▸ **Aim of the exercise**
Using the records below, repeat exactly the lines from the one holding "今回の授業は調理分野で、包丁" through the one holding "特に説明は無しです。私の便は", both ends included, and no others.

▸ **Data supplied**
::::
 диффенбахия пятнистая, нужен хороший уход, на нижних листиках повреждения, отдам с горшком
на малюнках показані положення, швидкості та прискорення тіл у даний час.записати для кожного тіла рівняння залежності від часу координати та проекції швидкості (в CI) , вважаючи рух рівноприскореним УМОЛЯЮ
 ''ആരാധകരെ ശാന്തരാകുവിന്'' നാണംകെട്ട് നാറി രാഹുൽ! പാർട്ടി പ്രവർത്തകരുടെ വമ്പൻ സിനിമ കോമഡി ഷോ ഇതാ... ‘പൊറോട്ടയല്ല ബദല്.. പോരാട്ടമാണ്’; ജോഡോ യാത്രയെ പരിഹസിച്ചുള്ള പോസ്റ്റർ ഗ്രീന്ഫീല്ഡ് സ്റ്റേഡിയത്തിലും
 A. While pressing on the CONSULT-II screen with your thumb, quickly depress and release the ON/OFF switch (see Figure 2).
::::
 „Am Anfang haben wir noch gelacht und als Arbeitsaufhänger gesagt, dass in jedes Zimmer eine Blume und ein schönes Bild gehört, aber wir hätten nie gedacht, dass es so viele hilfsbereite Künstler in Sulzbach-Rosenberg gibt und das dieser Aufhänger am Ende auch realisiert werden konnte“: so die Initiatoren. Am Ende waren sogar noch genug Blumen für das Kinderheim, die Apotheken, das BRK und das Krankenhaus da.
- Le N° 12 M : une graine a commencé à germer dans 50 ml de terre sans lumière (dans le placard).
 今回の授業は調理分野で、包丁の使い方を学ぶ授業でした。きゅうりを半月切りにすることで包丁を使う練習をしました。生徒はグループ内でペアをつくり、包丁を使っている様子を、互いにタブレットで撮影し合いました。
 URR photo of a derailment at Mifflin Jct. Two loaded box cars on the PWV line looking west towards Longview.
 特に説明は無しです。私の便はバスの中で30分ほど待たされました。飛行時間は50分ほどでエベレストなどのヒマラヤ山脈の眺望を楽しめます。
::::
▸ **Answer box**
 今回の授業は調理分野で、包丁の使い方を学ぶ授業でした。きゅうりを半月切りにすることで包丁を使う練習をしました。生徒はグループ内でペアをつくり、包丁を使っている様子を、互いにタブレットで撮影し合いました。
 URR photo of a derailment at Mifflin Jct. Two loaded box cars on the PWV line looking west towards Longview.
 特に説明は無しです。私の便はバスの中で30分ほど待たされました。飛行時間は50分ほどでエベレストなどのヒマラヤ山脈の眺望を楽しめます。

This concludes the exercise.